Try it :: Write the lines out again, from the top of the material to the line containing "Kortärmad polo i", pictures excluded.

■ ■ ■

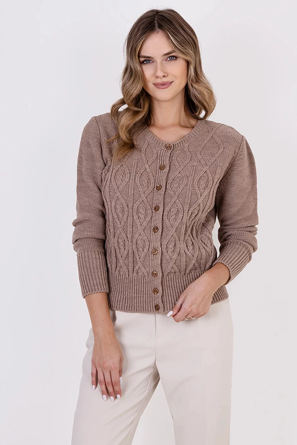 Ten elegancki kardigan o długości do bioder to idealny wybór zarówno na co dzień, jak i na bardziej formalne okazje. Sweter ma okrągły dekolt, który nadaje mu klasycznego uroku. Prążkowane mankiety zapewniają również idealne dopasowanie. Unikalne ozdobne wiązania nadają swetrowi wyjątkowego charakteru.
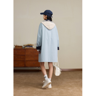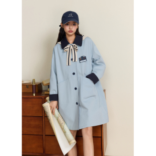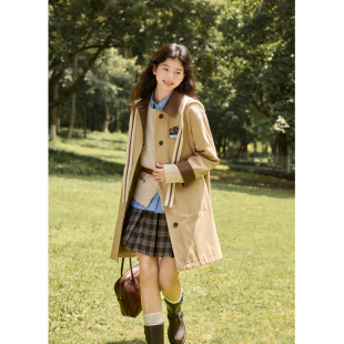 英伦学院风宽松单排扣外套 新款 紫涵撞色翻领中长款 卡其风衣女秋季
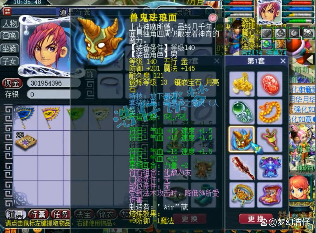 鞋子选的是140级带有笑里藏刀特技的,配上12级黑宝石,能确保速度优势。
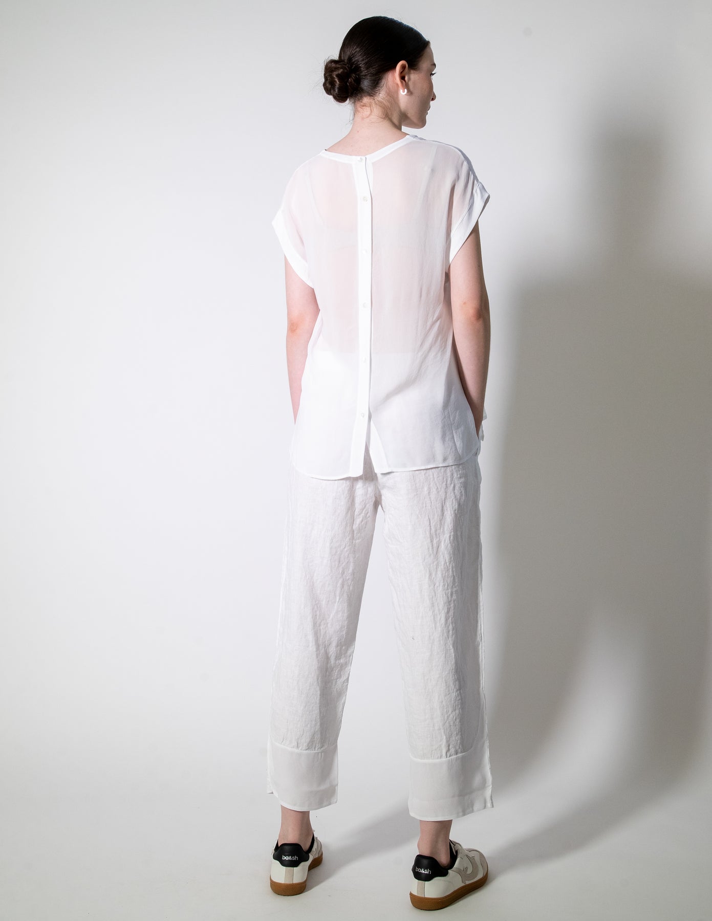 A beautifully balanced cap sleeve top featuring Transit’s signature relaxed silhouette. Designed with a linen front and viscose back for contrast and comfort, it drapes elegantly with a high-low hemline and side splits. Finished with a viscose trim at the sleeve cuff for a refined touch. A versatile piece that transitions seamlessly from day to night.
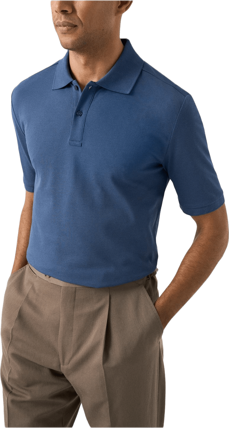 Kortärmad polo i piké av 100 % pimabomull med mycket slät yta och en kvalitet som håller. Med stickad krage, knappslå och tonitonknappar för ett rent, enhetligt uttryck.
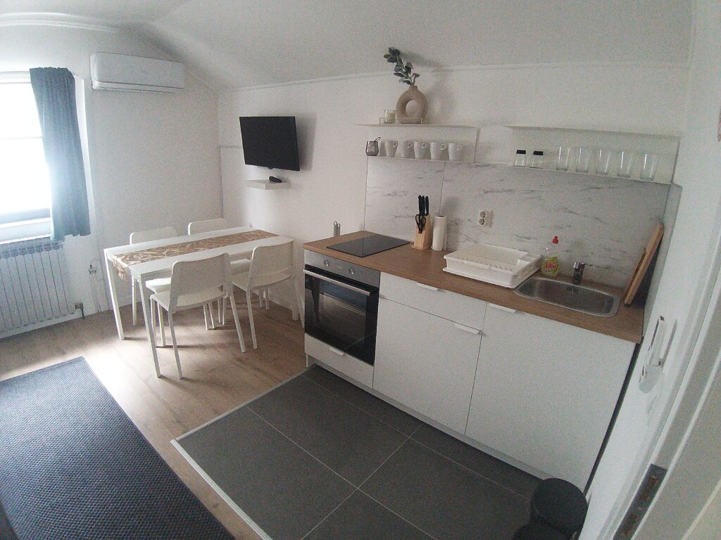 Interijer je svijetao i ugodan, s naglaskom na čistoću i detalje koji stvaraju osjećaj doma. Studio je opremljen svime potrebnim za kraći ili duži boravak – od udobnog kreveta i potpuno opremljene kuhinje do modernog kupaonskog prostora. Prikladan je za samostalne goste, parove i poslovne putnike.

■ ■ ■

Answer to the problem ::
 Ten elegancki kardigan o długości do bioder to idealny wybór zarówno na co dzień, jak i na bardziej formalne okazje. Sweter ma okrągły dekolt, który nadaje mu klasycznego uroku. Prążkowane mankiety zapewniają również idealne dopasowanie. Unikalne ozdobne wiązania nadają swetrowi wyjątkowego charakteru.
 英伦学院风宽松单排扣外套 新款 紫涵撞色翻领中长款 卡其风衣女秋季
 鞋子选的是140级带有笑里藏刀特技的,配上12级黑宝石,能确保速度优势。
 A beautifully balanced cap sleeve top featuring Transit’s signature relaxed silhouette. Designed with a linen front and viscose back for contrast and comfort, it drapes elegantly with a high-low hemline and side splits. Finished with a viscose trim at the sleeve cuff for a refined touch. A versatile piece that transitions seamlessly from day to night.
 Kortärmad polo i piké av 100 % pimabomull med mycket slät yta och en kvalitet som håller. Med stickad krage, knappslå och tonitonknappar för ett rent, enhetligt uttryck.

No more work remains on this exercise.